PCR analysis of repeat length stability in the successfully targeted clones showed that even the longest (CGG)153 repeat in our cassette at the RL5 locus did not undergo length changes at a detectable frequency in cells cultured in the presence of hygromycin. Furthermore, the population doubling time in the hygromycin-containing media was not affected by the presence of the repeat.

The stability of the (CGG)n repeats at the lower or upper ends of the fragile X premutation range, (CGG)53 and (CGG)153, was then tested in the selectable system. Subclones of cell lines with the repeat-bearing cassettes were cultured in the absence of hygromycin for 6 days to remove selective pressure against expansions or other forms of repeat-mediated genetic instability followed by their redistribution to 96-well plates containing ganciclovir. Fig. 1c shows that the presence of 53 copies of (CGG)n repeat had no significant effect on the frequency of Gc-r clones, while 153 copies of the repeat increased their frequency by ~10-fold.
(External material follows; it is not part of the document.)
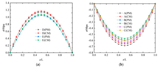 Figure 10 and Figure 11 display the axial stresses and stress difference ratio in each slab of the simply supported box girder, respectively. In these figures, the five positions of A, B, C, D, and E represent the joint between the top slab and the web, the midpoint of the top slab, the edge of the cantilever slab, the joint between the bottom slab and the web, and the midpoint of the bottom slab, respectively. In Figure 10a, the maximum stresses of the A, B, and C obtained from the conventional method are −0.653 Mpa, −0.568 Mpa, and −0.601 Mpa, respectively, while the maximum stresses of the A, B, and C obtained from the proposed method are −0.685 Mpa, −0.596 Mpa, and −0.631 Mpa, respectively. As shown in Figure 10b, the maximum stresses of the D and E obtained from the conventional method are 1.17 Mpa and 1.08 Mpa, respectively, while the maximum stresses of the D and E obtained from the proposed method are 1.14 Mpa and 1.05 Mpa, respectively. As shown in Figure 11, the maximum stress difference ratio of the upper flange along the cross-section is 4.73%, whereas the maximum stress difference ratio of the lower flange is −2.54%. In Figure 11b, in the upper flange, the position with the highest stress is A, reaching a maximum of 7.7%; this ratio at other positions is approximately 4.7%. Consequently, neglecting the axial equilibrium condition results in an underestimation of stress on the upper flanges while overestimating stress on the lower flanges.

To establish the mechanisms leading to ganciclovir resistance, we carried out PCR analysis of repeat lengths in all Gc-r clones obtained. (CGG)n repeats in the Gc-r clones derived from the (CGG)53 bearing cell line showed no detectable length changes in all (~30) examined cases. By contrast, ~70% of ganciclovir resistant clones originating from the (CGG)153 bearing cell line contained expansions or contractions (Fig. 1d, Table 1). Note that there is a difference in the ratio of expansions to contractions between different clones with the CGG153-HyTK cassette in the A orientation (compare clones c2-29 and c3-1 in Table 1). We attribute these differences to clonal variations, possibly arising from changes in the replication and/or transcription profile of our cassette in those clones. Importantly, the ratio of expansions to contractions for the CGG153-HyTK cassette in the opposite (B) orientation is within the range of clonal variations for the cassette in the A orientation (Table 1). This indicates that repeat instability does not depend on repeat orientation in our system.

Table 1. Repeat instability in Gc-r clones originated from cell lines containing CGG153-HyTK cassettes in the RL5 locus.

71% of Gc-r clones had changes in the length of the CGG repeat across six experimental trials.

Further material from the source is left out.